#### [Exercise prompt]
In the entries that follow, the lines from the line containing "Desk program designed" up to and including the line containing "Con 117 asambleístas" must be copied exactly, with pictures omitted.

#### [Records provided]
══════

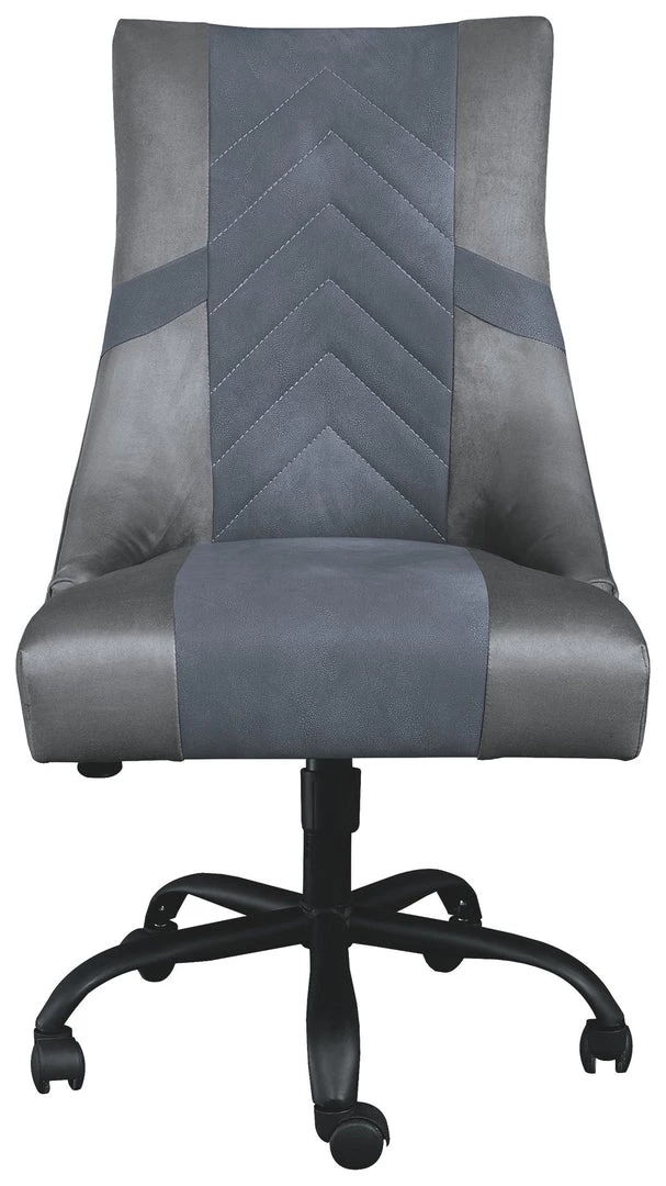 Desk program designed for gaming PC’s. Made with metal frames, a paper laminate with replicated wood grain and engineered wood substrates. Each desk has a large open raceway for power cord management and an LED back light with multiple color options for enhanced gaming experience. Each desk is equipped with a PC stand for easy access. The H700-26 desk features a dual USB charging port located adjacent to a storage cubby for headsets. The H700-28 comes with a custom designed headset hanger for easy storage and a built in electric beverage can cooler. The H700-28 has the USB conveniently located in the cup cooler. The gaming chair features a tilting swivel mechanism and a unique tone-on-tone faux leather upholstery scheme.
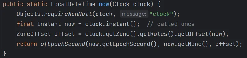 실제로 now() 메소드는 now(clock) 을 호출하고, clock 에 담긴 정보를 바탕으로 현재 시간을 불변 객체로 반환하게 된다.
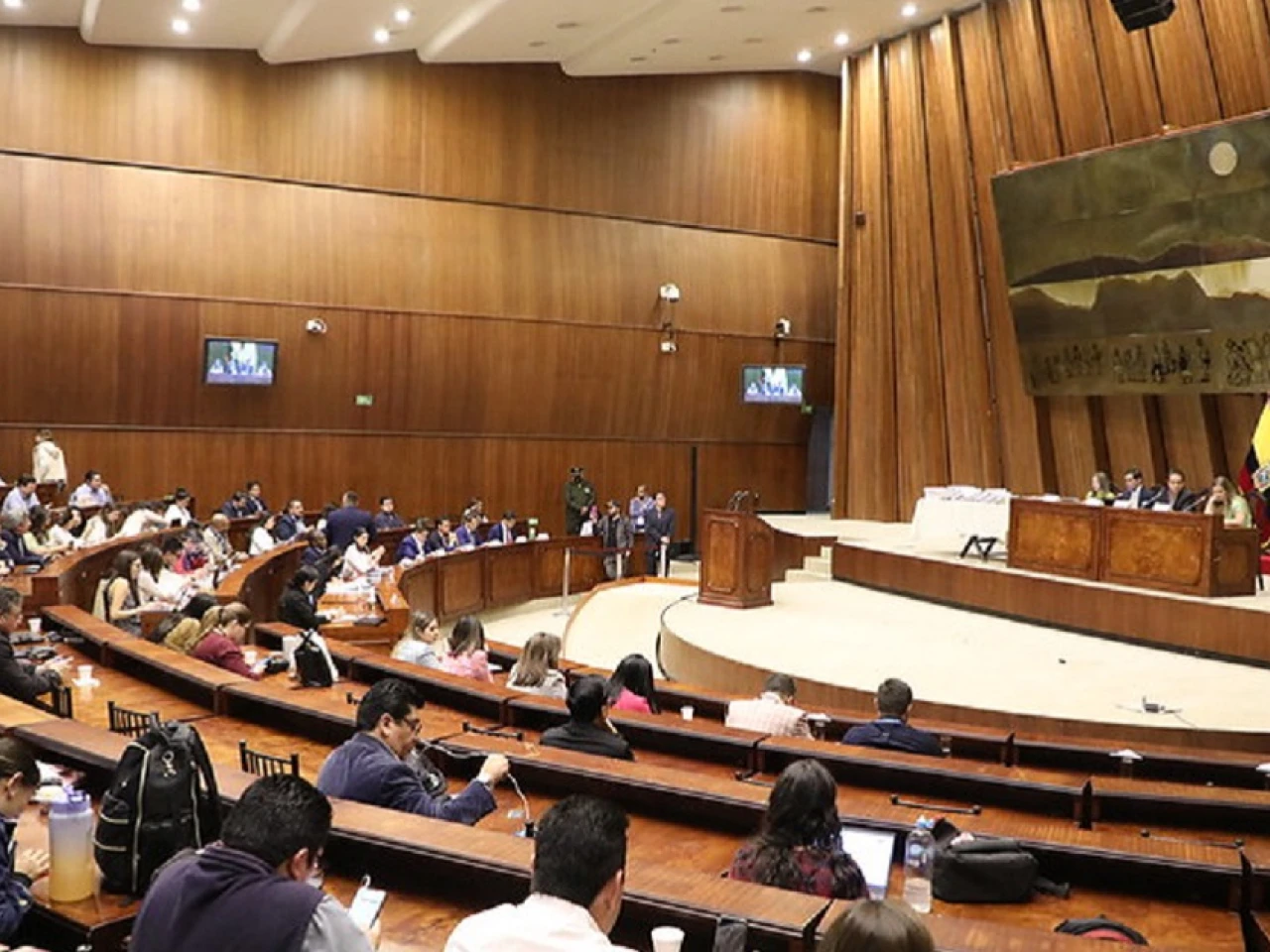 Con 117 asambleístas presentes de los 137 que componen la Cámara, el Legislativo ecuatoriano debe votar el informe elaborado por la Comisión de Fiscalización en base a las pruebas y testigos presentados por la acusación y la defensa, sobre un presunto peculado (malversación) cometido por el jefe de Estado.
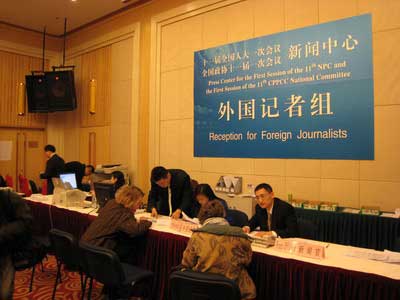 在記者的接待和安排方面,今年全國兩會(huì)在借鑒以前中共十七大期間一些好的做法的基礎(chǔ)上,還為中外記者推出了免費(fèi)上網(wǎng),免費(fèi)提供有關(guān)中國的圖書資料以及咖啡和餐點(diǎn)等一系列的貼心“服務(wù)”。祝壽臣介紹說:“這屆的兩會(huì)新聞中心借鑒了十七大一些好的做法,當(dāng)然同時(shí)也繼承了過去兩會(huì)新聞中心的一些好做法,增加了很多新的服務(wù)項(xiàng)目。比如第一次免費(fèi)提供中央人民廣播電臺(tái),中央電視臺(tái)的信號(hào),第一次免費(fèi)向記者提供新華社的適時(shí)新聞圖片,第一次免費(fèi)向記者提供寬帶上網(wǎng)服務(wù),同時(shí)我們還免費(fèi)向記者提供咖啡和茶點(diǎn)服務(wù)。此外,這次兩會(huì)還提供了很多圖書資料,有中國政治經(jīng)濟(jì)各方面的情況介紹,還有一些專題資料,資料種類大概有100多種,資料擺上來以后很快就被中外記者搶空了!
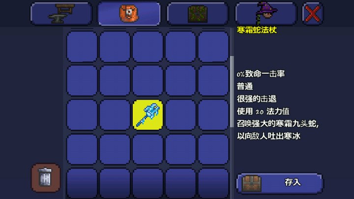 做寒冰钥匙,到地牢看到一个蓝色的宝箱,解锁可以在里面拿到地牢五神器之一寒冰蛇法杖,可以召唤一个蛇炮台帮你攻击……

══════

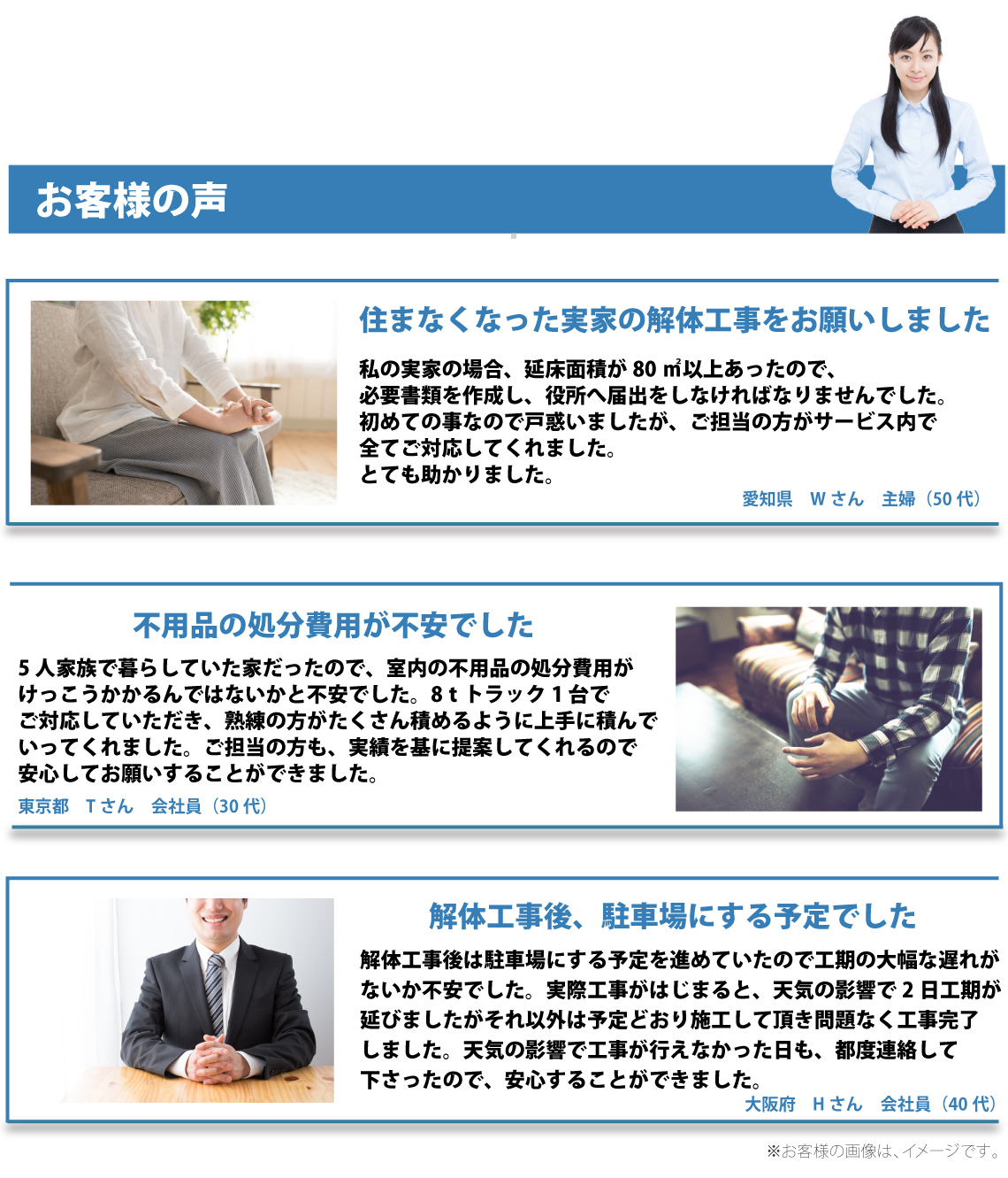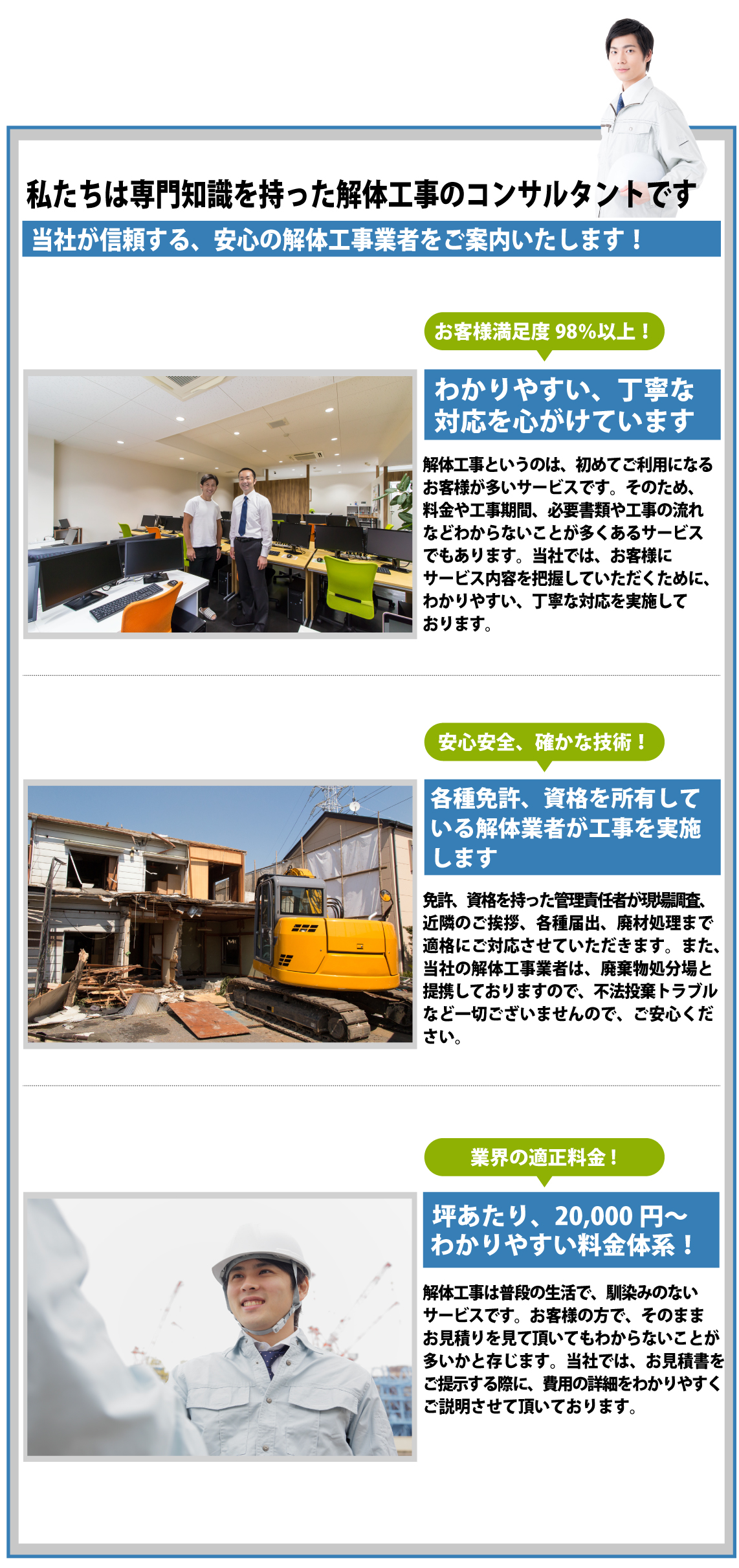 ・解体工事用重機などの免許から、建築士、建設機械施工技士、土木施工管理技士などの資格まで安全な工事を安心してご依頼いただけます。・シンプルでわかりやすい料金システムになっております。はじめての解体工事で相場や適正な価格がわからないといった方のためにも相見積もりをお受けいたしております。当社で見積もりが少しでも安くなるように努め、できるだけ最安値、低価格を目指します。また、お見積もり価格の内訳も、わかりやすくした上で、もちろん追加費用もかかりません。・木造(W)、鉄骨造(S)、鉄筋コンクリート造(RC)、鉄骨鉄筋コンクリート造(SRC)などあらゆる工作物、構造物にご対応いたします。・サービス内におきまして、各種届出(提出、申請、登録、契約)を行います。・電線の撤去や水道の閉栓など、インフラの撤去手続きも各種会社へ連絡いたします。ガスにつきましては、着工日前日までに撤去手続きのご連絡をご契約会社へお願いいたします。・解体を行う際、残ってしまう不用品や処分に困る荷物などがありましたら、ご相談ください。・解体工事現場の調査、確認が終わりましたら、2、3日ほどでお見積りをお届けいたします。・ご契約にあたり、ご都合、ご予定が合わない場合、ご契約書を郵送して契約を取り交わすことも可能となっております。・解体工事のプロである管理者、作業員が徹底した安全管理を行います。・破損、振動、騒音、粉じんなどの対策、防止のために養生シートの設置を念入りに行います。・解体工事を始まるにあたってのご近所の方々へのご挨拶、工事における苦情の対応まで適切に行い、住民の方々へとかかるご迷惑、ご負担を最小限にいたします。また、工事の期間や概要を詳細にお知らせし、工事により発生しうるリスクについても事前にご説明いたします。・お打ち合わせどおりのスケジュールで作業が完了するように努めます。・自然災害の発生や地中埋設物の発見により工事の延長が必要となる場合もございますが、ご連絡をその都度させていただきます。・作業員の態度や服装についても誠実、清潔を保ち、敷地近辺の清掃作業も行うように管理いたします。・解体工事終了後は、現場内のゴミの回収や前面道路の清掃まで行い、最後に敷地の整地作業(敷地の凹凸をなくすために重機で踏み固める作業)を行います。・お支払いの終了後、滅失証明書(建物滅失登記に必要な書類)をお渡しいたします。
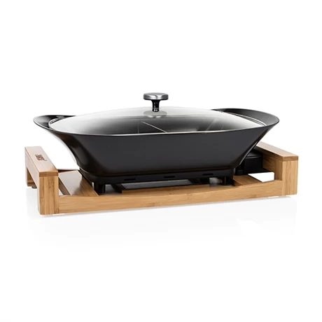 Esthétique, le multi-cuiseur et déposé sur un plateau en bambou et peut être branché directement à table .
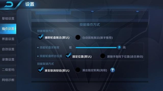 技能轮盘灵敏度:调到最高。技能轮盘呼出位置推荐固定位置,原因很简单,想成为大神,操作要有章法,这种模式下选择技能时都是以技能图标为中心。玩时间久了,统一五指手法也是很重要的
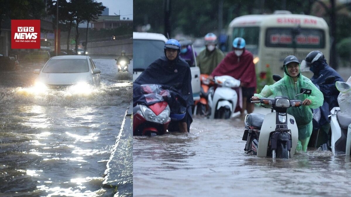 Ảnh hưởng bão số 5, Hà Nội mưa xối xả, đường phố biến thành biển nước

══════

#### [Answer area]
 Desk program designed for gaming PC’s. Made with metal frames, a paper laminate with replicated wood grain and engineered wood substrates. Each desk has a large open raceway for power cord management and an LED back light with multiple color options for enhanced gaming experience. Each desk is equipped with a PC stand for easy access. The H700-26 desk features a dual USB charging port located adjacent to a storage cubby for headsets. The H700-28 comes with a custom designed headset hanger for easy storage and a built in electric beverage can cooler. The H700-28 has the USB conveniently located in the cup cooler. The gaming chair features a tilting swivel mechanism and a unique tone-on-tone faux leather upholstery scheme.
 실제로 now() 메소드는 now(clock) 을 호출하고, clock 에 담긴 정보를 바탕으로 현재 시간을 불변 객체로 반환하게 된다.
 Con 117 asambleístas presentes de los 137 que componen la Cámara, el Legislativo ecuatoriano debe votar el informe elaborado por la Comisión de Fiscalización en base a las pruebas y testigos presentados por la acusación y la defensa, sobre un presunto peculado (malversación) cometido por el jefe de Estado.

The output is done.